Significance. If the reported gains are robust and specifically attributable to compelled visual grounding rather than data volume or diversity effects, the work provides a lightweight, annotation-free lever for improving visual reasoning in MLLMs. This could influence data curation practices for instruction tuning. The open-source code is a clear strength that supports reproducibility and extension.
major comments (3)
- [Abstract, §3] Abstract and §3: The load-bearing assertion that the reformulated SSL tasks 'cannot be solved without relying on visual evidence' is stated but not tested. No ablation evaluates whether a language-only model or a vision-ablated input can solve the tasks above chance (e.g., via common object-color associations for color matching or orientation statistics for rotation). Without this, gains cannot be confidently attributed to visual utilization rather than generic instruction data effects.

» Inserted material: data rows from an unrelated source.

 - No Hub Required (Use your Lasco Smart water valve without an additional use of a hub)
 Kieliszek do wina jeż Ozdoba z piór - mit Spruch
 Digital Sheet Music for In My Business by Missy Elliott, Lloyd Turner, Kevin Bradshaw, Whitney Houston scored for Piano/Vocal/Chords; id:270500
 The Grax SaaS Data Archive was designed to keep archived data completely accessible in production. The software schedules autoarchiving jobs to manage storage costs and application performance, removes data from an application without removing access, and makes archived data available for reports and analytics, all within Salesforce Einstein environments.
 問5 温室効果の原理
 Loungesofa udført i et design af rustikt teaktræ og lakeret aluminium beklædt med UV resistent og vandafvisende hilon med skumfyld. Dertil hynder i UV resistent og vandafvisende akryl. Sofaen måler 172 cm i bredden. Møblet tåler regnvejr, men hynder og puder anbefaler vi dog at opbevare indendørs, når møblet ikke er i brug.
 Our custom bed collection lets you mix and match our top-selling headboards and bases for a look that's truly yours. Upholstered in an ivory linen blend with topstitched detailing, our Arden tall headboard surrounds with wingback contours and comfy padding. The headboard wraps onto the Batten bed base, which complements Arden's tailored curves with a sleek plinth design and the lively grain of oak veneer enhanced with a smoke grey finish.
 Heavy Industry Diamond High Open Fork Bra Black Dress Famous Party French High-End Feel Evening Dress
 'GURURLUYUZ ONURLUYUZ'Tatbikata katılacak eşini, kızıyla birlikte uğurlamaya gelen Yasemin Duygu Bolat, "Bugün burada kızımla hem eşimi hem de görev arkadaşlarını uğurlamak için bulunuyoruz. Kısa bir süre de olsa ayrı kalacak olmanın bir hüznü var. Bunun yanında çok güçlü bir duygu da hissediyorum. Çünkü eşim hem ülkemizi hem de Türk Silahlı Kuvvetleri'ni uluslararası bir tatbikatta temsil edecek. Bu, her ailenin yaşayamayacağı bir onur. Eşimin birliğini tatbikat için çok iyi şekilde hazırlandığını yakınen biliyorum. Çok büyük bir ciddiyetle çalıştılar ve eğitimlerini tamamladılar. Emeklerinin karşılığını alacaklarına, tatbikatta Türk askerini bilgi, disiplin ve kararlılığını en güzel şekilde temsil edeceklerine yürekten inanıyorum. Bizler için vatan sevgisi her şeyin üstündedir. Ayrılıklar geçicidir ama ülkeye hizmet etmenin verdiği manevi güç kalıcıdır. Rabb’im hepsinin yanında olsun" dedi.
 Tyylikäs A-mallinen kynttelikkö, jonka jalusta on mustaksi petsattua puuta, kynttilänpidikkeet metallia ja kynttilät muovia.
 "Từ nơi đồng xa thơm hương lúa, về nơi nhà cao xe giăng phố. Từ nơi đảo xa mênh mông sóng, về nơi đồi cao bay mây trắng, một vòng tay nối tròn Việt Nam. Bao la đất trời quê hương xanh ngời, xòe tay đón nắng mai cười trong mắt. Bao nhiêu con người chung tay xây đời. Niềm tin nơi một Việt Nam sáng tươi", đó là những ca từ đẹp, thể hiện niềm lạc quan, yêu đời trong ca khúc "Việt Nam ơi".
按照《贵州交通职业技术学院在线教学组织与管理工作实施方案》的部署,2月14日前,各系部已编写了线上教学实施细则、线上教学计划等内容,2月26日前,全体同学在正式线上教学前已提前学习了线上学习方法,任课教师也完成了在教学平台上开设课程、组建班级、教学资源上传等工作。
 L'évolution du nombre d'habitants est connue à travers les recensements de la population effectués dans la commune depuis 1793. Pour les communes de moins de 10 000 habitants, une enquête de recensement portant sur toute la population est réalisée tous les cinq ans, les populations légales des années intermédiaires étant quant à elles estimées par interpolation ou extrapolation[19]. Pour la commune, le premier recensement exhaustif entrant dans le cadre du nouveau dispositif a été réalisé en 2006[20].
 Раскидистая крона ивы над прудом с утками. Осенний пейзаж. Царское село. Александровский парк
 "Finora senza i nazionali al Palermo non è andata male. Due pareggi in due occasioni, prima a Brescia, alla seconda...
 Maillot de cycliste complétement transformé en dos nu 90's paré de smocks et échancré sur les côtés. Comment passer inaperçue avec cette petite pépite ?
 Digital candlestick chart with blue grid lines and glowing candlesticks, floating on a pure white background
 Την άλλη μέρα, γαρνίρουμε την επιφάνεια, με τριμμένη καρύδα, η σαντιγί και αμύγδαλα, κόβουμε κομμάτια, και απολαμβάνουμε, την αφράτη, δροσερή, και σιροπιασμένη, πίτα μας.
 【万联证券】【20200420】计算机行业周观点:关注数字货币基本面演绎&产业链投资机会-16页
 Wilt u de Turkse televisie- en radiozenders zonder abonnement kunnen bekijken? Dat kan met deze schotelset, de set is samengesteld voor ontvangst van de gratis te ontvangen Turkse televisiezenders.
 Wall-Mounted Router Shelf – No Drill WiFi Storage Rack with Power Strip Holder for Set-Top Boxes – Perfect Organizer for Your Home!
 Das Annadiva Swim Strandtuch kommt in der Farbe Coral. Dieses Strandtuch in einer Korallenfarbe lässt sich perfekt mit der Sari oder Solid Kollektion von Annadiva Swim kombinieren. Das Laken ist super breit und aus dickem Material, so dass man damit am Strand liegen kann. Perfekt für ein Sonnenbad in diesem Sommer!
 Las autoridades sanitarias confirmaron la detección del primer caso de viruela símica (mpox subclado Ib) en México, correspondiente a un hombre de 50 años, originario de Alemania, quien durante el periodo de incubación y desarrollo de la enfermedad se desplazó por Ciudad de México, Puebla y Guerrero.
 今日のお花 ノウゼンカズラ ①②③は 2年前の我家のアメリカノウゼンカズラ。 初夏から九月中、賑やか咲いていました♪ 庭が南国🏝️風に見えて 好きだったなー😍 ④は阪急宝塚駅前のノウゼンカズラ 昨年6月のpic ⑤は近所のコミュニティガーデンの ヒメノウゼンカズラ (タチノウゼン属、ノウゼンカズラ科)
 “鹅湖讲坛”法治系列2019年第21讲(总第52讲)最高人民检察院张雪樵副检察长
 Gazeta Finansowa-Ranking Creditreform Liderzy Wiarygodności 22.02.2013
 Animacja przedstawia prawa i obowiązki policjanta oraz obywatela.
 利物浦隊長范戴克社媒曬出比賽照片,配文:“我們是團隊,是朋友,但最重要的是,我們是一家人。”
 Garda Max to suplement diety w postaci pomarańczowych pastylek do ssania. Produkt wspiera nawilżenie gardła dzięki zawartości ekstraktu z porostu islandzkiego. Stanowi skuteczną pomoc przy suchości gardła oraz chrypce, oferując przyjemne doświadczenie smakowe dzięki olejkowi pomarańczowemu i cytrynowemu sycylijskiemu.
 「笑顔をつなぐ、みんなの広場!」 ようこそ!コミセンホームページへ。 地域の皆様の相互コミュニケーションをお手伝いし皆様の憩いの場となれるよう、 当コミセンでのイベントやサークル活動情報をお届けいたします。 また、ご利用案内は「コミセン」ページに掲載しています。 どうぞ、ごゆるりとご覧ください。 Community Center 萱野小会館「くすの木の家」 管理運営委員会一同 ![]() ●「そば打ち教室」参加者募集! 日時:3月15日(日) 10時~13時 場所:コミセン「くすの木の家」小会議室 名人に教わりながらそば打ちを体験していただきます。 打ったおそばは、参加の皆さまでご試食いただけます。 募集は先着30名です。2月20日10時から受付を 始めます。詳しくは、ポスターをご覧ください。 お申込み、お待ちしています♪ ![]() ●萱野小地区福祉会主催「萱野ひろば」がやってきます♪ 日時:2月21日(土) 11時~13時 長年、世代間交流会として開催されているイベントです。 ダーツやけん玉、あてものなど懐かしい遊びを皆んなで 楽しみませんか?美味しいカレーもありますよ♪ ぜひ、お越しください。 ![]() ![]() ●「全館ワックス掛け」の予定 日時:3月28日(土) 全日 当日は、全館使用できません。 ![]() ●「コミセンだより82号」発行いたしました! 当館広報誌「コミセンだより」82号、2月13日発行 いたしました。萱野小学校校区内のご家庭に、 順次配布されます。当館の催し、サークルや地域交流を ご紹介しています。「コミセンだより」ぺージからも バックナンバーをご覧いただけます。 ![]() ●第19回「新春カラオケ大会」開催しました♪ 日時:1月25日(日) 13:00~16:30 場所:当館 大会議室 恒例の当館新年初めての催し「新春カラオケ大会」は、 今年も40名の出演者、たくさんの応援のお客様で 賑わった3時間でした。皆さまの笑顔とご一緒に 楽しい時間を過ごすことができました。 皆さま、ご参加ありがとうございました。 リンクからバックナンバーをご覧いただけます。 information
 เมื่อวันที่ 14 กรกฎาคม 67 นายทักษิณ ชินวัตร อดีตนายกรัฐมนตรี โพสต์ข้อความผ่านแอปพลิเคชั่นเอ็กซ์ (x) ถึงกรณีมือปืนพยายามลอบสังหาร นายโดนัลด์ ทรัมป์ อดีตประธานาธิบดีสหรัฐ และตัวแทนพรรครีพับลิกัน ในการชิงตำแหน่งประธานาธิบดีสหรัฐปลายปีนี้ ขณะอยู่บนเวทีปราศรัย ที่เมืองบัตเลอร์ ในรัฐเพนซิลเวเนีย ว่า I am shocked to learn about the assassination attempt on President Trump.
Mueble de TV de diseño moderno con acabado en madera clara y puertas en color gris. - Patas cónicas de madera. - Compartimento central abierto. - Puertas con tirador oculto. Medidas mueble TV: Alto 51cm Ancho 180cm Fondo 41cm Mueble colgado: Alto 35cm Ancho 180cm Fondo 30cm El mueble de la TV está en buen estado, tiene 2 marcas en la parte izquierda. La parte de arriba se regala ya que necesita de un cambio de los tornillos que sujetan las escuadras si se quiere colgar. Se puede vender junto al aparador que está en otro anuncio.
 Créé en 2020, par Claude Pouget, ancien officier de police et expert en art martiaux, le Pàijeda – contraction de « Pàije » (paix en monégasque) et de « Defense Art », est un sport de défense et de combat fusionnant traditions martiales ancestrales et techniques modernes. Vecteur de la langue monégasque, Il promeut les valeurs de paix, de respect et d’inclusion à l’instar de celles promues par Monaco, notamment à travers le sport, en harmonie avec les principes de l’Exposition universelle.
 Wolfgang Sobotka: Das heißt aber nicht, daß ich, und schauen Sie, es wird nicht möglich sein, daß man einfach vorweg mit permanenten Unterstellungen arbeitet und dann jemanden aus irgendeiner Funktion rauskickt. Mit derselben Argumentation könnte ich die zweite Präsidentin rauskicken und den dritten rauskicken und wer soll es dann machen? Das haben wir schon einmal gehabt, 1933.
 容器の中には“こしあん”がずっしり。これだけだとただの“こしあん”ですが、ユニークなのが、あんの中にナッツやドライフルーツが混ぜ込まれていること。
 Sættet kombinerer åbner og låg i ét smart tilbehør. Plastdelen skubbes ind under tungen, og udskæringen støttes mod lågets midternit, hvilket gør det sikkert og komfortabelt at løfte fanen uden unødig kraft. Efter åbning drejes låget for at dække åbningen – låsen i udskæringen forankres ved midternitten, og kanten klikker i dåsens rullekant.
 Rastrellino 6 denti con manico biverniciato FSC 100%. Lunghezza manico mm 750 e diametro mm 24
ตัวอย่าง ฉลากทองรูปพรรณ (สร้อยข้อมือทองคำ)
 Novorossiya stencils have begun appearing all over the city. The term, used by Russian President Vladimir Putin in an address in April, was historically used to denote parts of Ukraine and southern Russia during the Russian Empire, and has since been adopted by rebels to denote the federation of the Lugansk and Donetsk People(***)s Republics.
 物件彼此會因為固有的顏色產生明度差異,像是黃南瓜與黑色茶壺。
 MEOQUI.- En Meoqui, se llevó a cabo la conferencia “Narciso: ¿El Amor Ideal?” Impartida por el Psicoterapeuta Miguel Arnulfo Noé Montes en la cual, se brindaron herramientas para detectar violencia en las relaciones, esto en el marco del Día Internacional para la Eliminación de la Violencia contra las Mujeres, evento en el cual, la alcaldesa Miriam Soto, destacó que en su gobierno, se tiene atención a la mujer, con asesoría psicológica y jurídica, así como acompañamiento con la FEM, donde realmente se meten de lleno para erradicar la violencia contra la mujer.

- [§4, Table 2] §4 and Table 2: Performance tables show improvements on vision-centric evaluations, but lack controls that inject equivalent volumes of non-SSL instructions (random or language-prior-heavy) to isolate the contribution of the visual-grounding mechanism. The 3-10% fraction is presented as key, yet no scaling or volume-matched baseline is reported.
- [§4.3] §4.3: While multiple models and benchmarks are evaluated, the manuscript provides no statistical tests, run-to-run variance, or confidence intervals. This weakens the claim of 'consistent' improvements, especially given the small data fraction and potential sensitivity to training hyperparameters.
minor comments (2)
- [§2] §2: Related work on SSL in vision-language models is cited, but the discussion of how the proposed reformulation differs from prior uses of pretext tasks in MLLM training could be expanded for clarity.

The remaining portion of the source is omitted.